If you encounter the OutOfMemoryError: CUDA out of memory error message, consider the following troubleshooting steps:

1. Refresh GPU Connection:

   • Try refreshing and reconnecting to the GPU. This can sometimes clear up any lingering memory issues.

2. Reduce Batch Size:

   • Set the batch size to 1. This can significantly reduce memory requirements at the cost of potentially slower training.

3. Modify Model Output:

   • Remove the computation of the neutral probability in the model. This can save some memory as it reduces the size of the model's output.

4. Model Saving:

   • Consider alternative methods for saving the best model state. Instead of using deep copy, which can be memory-intensive, look for lightweight solutions.

5. Upgrade GPU:

   • If the above steps don't resolve the issue, consider switching to a GPU with more memory. This can be particularly helpful for large models or datasets.

1. Token Limitation:

   • As seen in the FeedbackDataset class:

     class FeedbackDataset(Dataset):  # DataFrame
         def __init__(self, data):
             self.model_inputs = tokenizer(data['doc'].tolist(), data['feedback'].tolist(),
                                           max_length=1024, truncation='only_first', padding='max_length')

     The model has a token limit of 1024. If the 'doc' or hypothesis exceeds this token count, it will be truncated, leading to potential loss of information.
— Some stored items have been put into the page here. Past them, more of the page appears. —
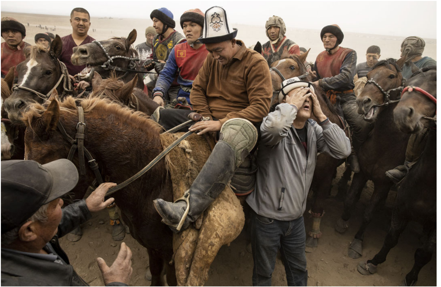
吉尔吉斯国民运动马背叼羊 (Kok boru)，比赛中参赛者争夺一头羊或小牛的尸体，这除了是大型的运动项目，也结合了传统习俗、表演、以及游戏本身的传统马上活动。
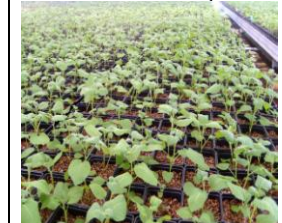
Repicarea de plantule în seră : anul 0
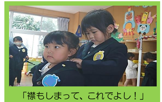
「襟もしまって、これでよし！」
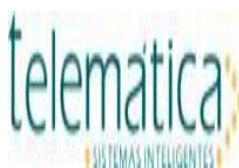
image001.jpg 3 KB
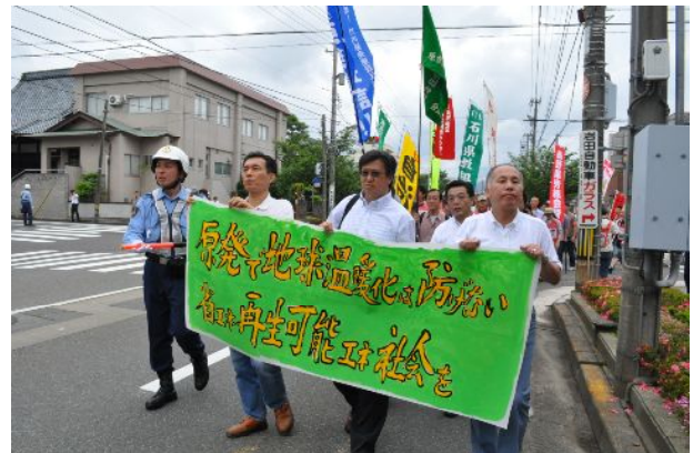
市内をデモ行進（6月19日・福井市）
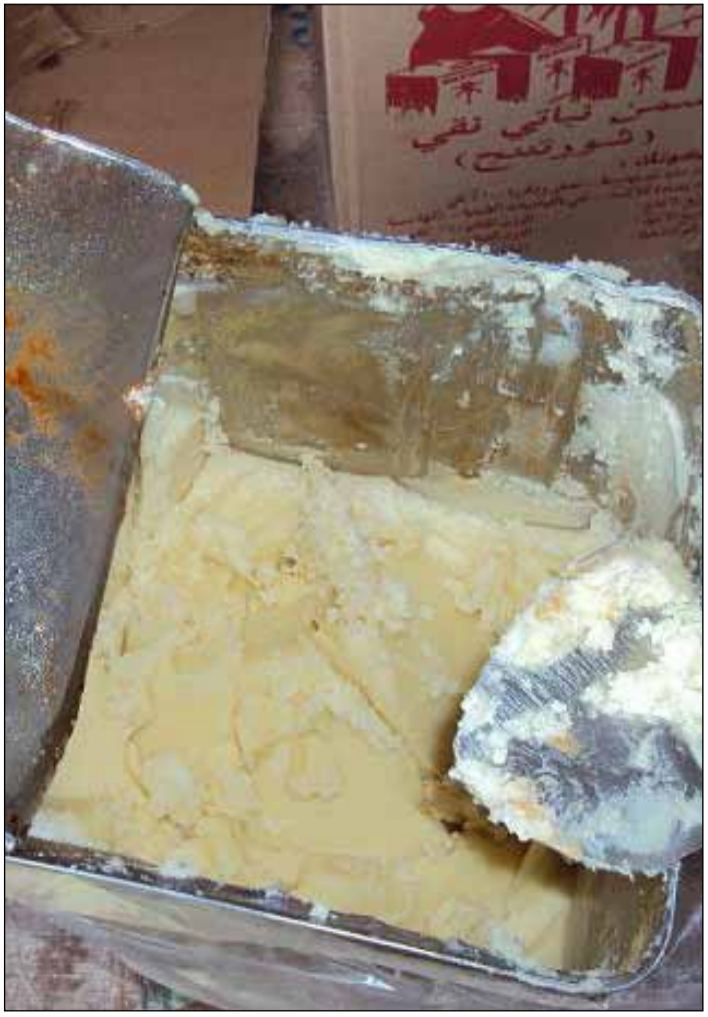
چاودیری تهندروستی کهمترخهه لهپشکنینی بهشهخۆراکی مانگانهدا.
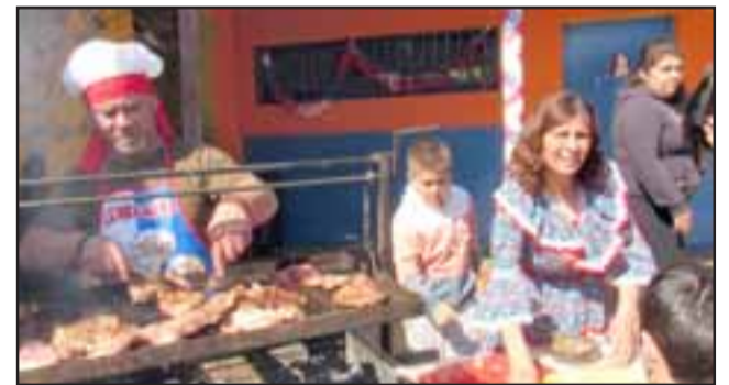
ASADO PARA TODOS.- El asado principal fue degustado por los presentes con alegría, aquí vemos al faenador de la jornada.

fotos de esta actividad, misma en la que hubo ricas comidas típicas, cuecas, muestras gastronómicas de distintas partes del país y mucha gente feliz con la actividad.
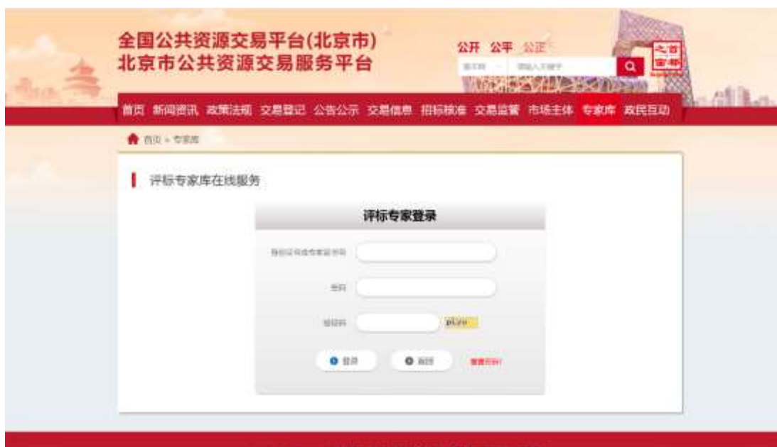
图：评标专家登录界面
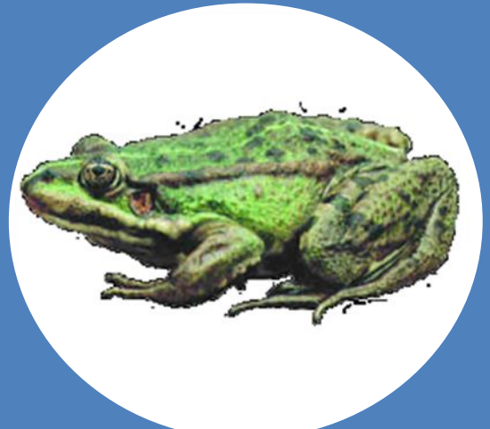
Приземкувата, сплющена зверху донизу, тіло вкорочене
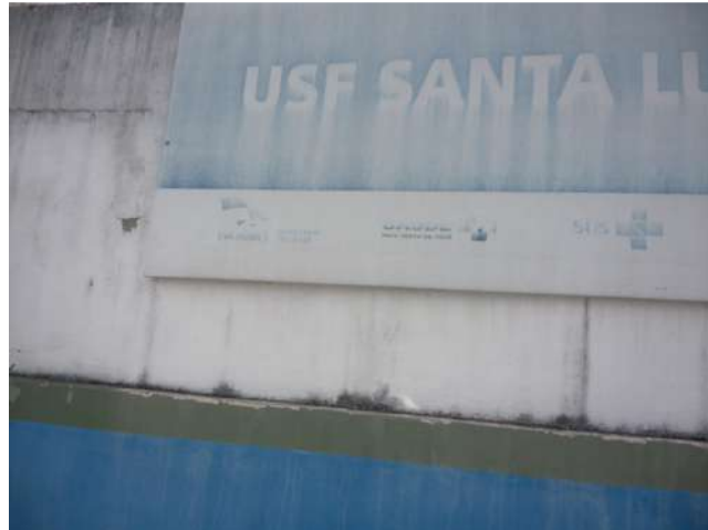
16.1. Fachada 01
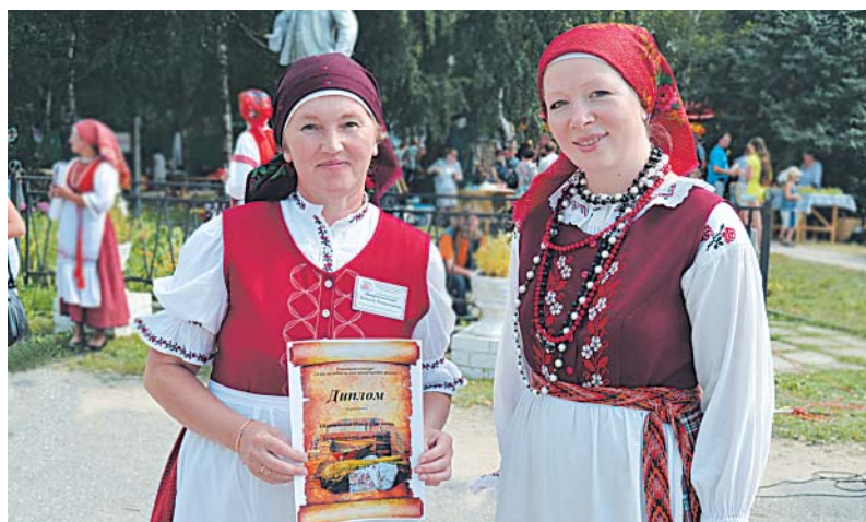
Награждение участников районного конкурса «А мы не забыли, как наши предки жили».
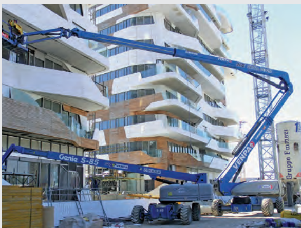
Alcune piattaforme semoventi fornite da Venpa nel cantiere milanese di City Life.
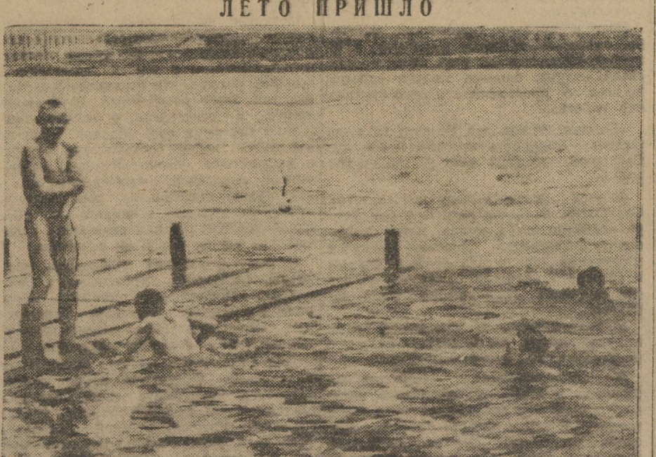
Первые купальщики на свердловском пруду.

ЗДАНИЕ ТЕАТРА ИМ. ЛУНАЧАРСКОГО НУЖДАЕТСЯ В РЕМОНТЕ.
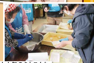
大人気のきなこもち
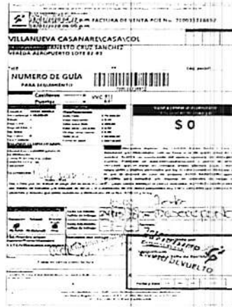
IMAGEN PRUEBA DE ENTREGA DE LA DEVOLUCIÓN
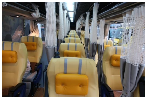
トレードマークの黄色い車体に、黄色い LIMON カラーのゆったりワイドシート
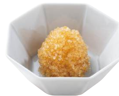
33 とびっ子ゴールド Seasoned Flying Fish Roe (Gold) 飛魚籽(金色)

粒がしっかりしておりツヤがありアクセント付けに最適です。 ●用途/寿司、トッピング ●原材料/とび魚卵、砂糖、食塩 ●味付状態/醤油味 ●外装サイズ/515×250×180(mm) 冷凍 荷姿 500g×18 ●JANコード/4905256059160
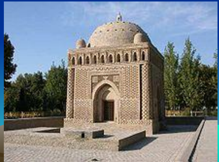
Мавзолей Исмоила Сомони
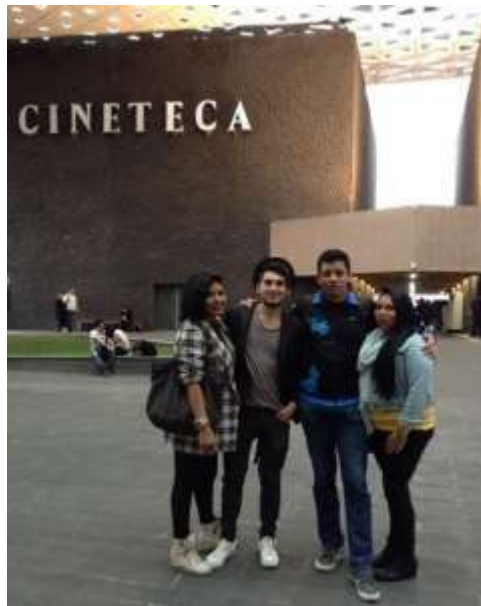
Ilustración 2 : Foto de la Cineteca Nacional en Ciudad de México

La cineteca Nacional de México es un epicentro cultural importante para ciudad, ya que congrega a cientos de personas afines al mundo del cine. Su variada programación con ofertas que permiten interactuar a la audiencia con directores por medio de conferencias o conversatorios nutren y promueven la participación de más personas a que se sumen a la industria.
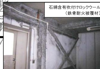
石綿含有吹付けロックウール (鉄骨耐火被覆材)

※写真のものと見た目は同じですが、アスベストを含まない吹付けロックウールは近年でも多く施工されています。 アスベストを含まない吹付けロックウールには、飛散防止や除却等の対策は必要ありません。
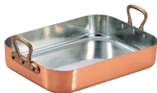
⑦ ムヴィエール 銅 ロティール 2155
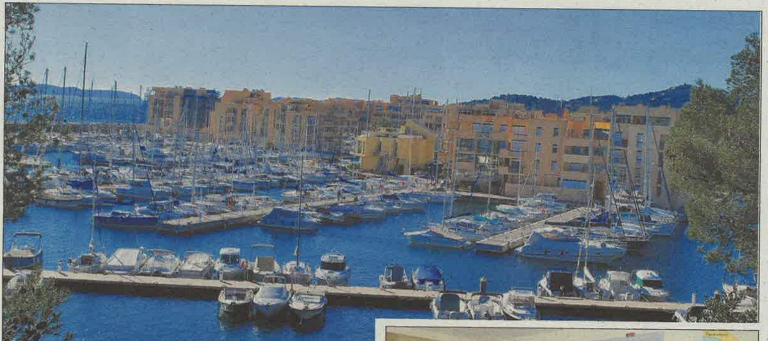
Bormes, premier port d'Europe certifié « port actif en biodiversité. »

En 2017, la Région et l'Union des ports ont souhaité ajouter un volet environnemental sur la biodiversité à la certification port propre. La biodiversité c'est notamment tout ce qu'il y a dans l'eau, ça peut être aérien et terrestre. On s'est dit qu'on avait un peu d'avance sur les autres, puisque nous avons des nurseries pour juvéniles de type reFish. Le conseil d'administration et le président nous ont encouragés à

This limitation arises from the underlying architecture of the model and its handling of token sequences.

2. Computational Complexity:

   • The model is computationally intensive. As a result, the training process can be time-consuming, especially on datasets with large volumes or complexity. Additionally, the GPU usage during training and evaluation is considerably high, which can lead to memory-related issues if not managed properly.